- Born: Gerd Elly 19 February 1921 Oslo, Norway
- Died: 4 October 2001 (aged 80) London, England
- Occupation: Ballerina
- Organizations: Royal Ballet
- Spouse: Harold Turner

= Gerd Larsen =

Norwegian ballerina

Gerd Larsen born Gerd Elly (19 February 1921 – 4 October 2001) was a Norwegian ballerina who performed frequently with England's Royal Ballet, in a career lasting over fifty years up until her seventy-fifth birthday. In her later years, she was known for her mime roles.

==Early life==
Gerd Elly was born in Oslo, Norway on 19 February 1921. Her father, Leonard, was a civil servant.

==Career==
In the late 1930s, Elly came to London to study with Margaret Craske, and Antony Tudor, the first British ballet expert to recognise her skills. She joined Tudor's London Ballet in 1938, founded after he broke with Ballet Rambert. In 1938, Tudor created two roles for Larsen, Canonetta in Soirée Musicale and the French ballerina in Gala Performance.

Elly first danced with Sadler's Wells Ballet (now The Royal Ballet) in 1944. This was the same year that she married the ballet star Harold Turner becoming his second wife. Now, Gerd Larsen, she was later promoted to soloist in 1954. Sir Frederick Ashton noted her stage presence even in nearly static roles, casting her as Hera, in his 1951 Tiresias, and as Demeter is his 1961 Persephone. Back in 1960, Larsen had been selected by the Russian former prima ballerina Tamara Karsavina to be personally coached to play this mime role, for a revised staging of the ballet.
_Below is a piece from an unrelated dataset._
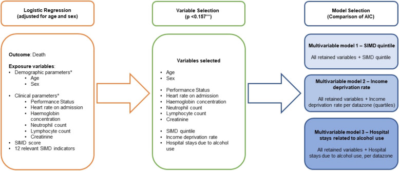 Results: After adjusting for age and sex, we found an increased risk of mortality in the more deprived SIMD quintiles 1 and 3 (OR 1.75, CI 0.99-3.08, p = 0.053 and OR 2.17, CI 1.22-3.86, p = 0.009, respectively), but this association was not upheld in our multivariable model containing age, sex, Performance Status and clinical parameters of severity at admission. Of the 12 pre-selected indicators of deprivation, two were associated with greater mortality in our multivariable analysis: income deprivation rate categorised by quartile (Q4 (most deprived): 2.11 (1.20-3.77) p = 0.011)) and greater than expected hospitalisations due to alcohol per SIMD data zone (1.96 (1.28-3.00) p = 0.002)).

In 1965, Larsen created the role of Nurse in Kenneth MacMillan's Royal Ballet production of Romeo and Juliet to the music of Sergei Prokofiev. The ballerina Deborah Bull remembers Larsen as one of the "resident teachers" at the Royal Ballet. The others being Brian Shaw, Alexander Agadzhanov, and Elizabeth Anderton. Bull particularly admired Larsen's ability to introduce mime into the ballet.

Larsen was a widow with one child when she met the successful writer Rebecca West and her husband Henry Maxwell Andrews one evening, on a night Larsen had performed in Swan Lake. Henry became obsessed with Larsen and would refuse to travel with his wife; instead he stayed in London to be with Larsen. Rebecca West initially considered this to be purely her husband's infatuation, but came to think that Larsen was also driven by money. Henry was in his seventies; his life and marriage were ending (he died in 1968). Larsen and Henry's wife were amongst the mourners at the funeral, even though Larsen had only known him for eighteen months. Henry's will left £5,000 for Larsen.

In a Royal Ballet career lasting over fifty years, Larsen made her final appearance at Covent Garden in arguably her best-known role, that of Berthe, mother of the eponymous heroine in Giselle, on her seventy-fifth birthday.

==Personal life==
Larsen was married to the British dancer Harold Turner from 1944 until his death in 1962. They had one child together, a daughter, Solveig, in 1952.

==Death==
She died in London in her 81st year.